As Parkinson’s UK’s Technology Lead, Marc Green understood that securing the organization’s critical operations required more than just technical security measures. Given their staff’s reliance on digital infrastructure to support vulnerable individuals and deliver services, he recognized that the human element of cybersecurity was paramount: “My primary goal was to minimize the organization’s exposure to cyber threats. We had a lot of sensitive data, data on our supporters, our volunteers, people with Parkinson’s disease.”

"It's my job to support, secure, maintain and improve the technology we use throughout the charity," Marc continued. "And part of that job is to foster a strong culture of cyber resilience amongst all our staff."

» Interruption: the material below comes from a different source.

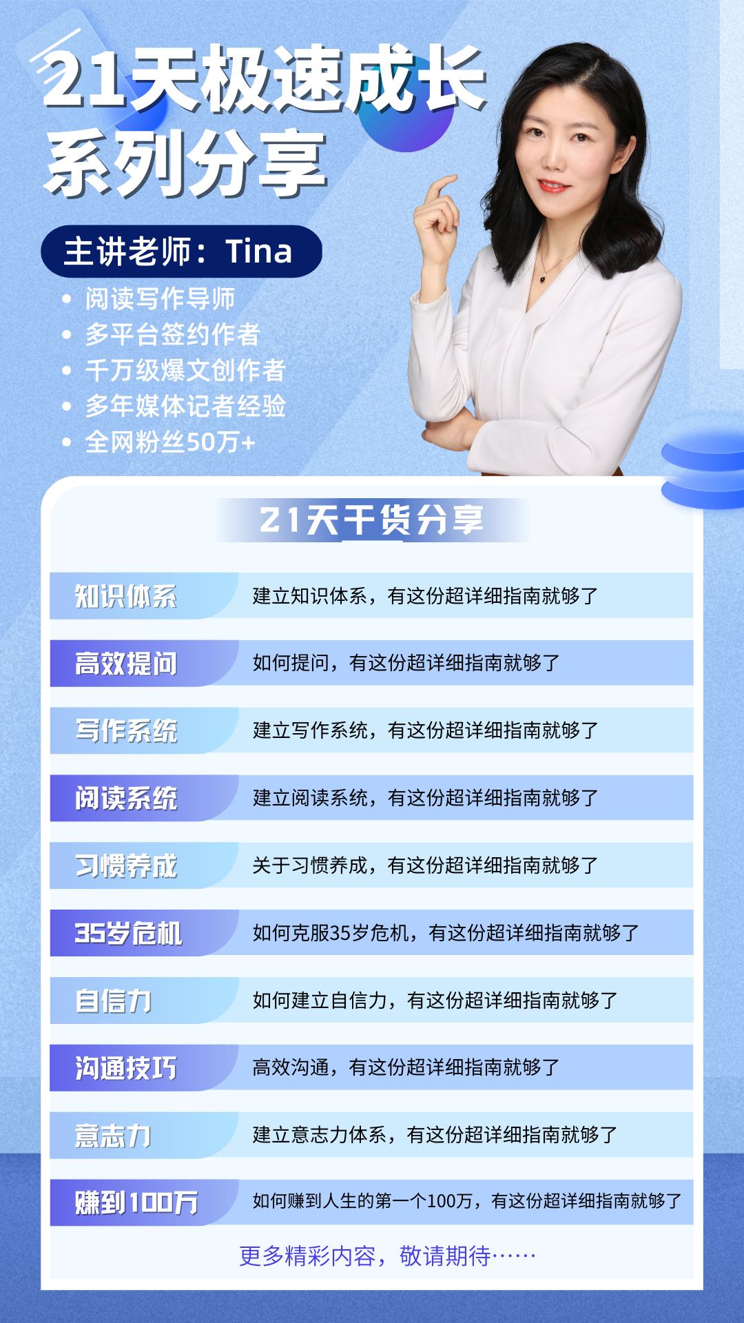 所以我们会单独出一个视频来讲解,大家一定要持续关注我们的21天超级成长系列!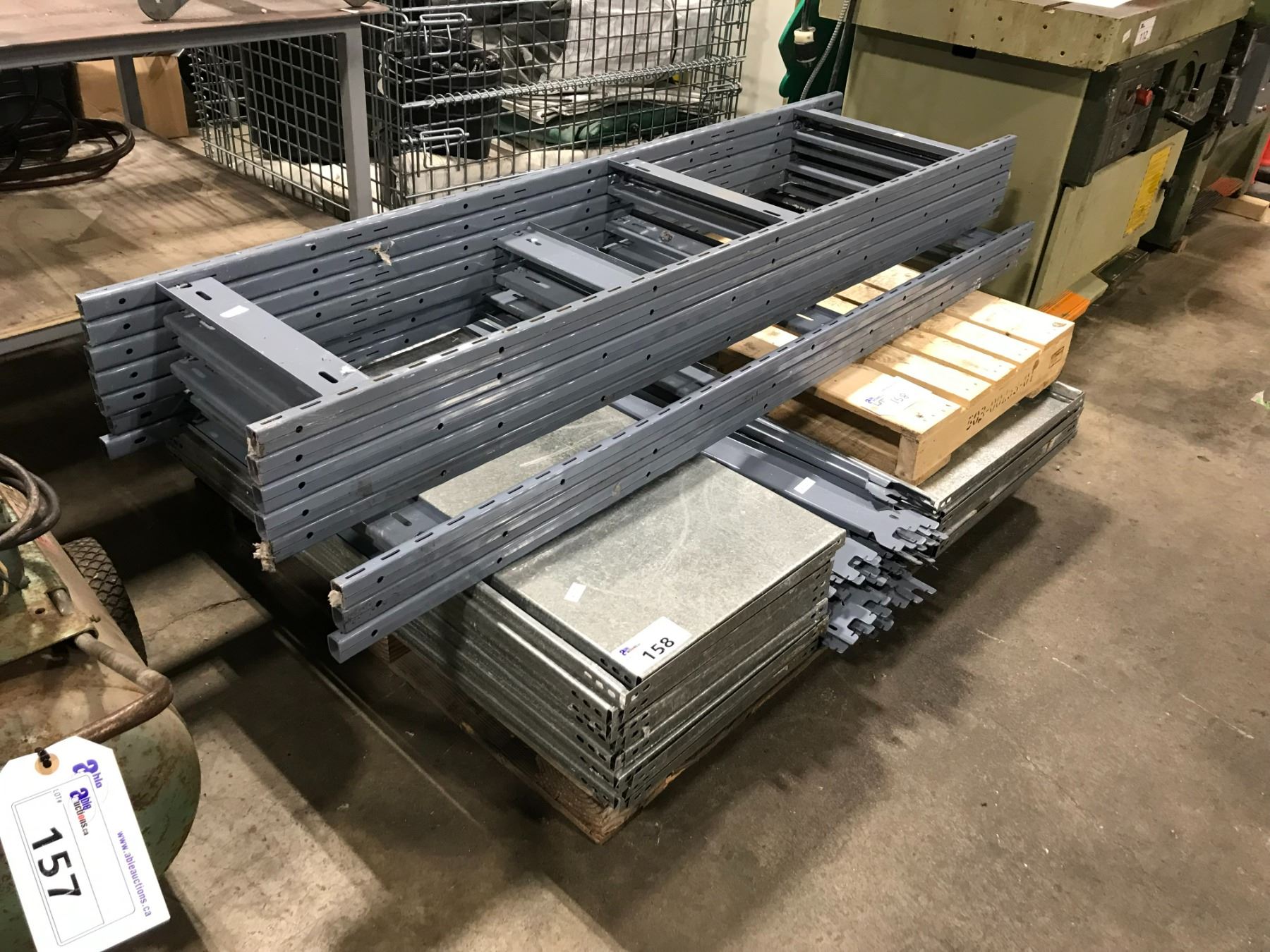 7 BAYS OF ASSORTED SIZED COMMERCIAL STORAGE SHELVING INCLUDING 8 UP RIGHTS, APPROX 24 GAL SHELVES AND CROSS BEAMS.

Prior to OutThink, Parkinson's UK didn’t have a comprehensive security awareness training platform that engaged their employees and volunteers effectively. Their approach was fragmented and failed to reinforce the importance of secure behavior - insufficient for building the resilient cybersecurity culture Marc had in mind. "The problem was we didn't have a proper cyber awareness platform before. We did things in house, we had some really basic training that new users would get, and when people join a company, they've got hundreds of things they need to read. There's processes, procedures, they got a new laptop, they're trying to learn how to use new systems," Marc recalled. "Our previous cybersecurity training was just a really small part of that. I wanted something more than that."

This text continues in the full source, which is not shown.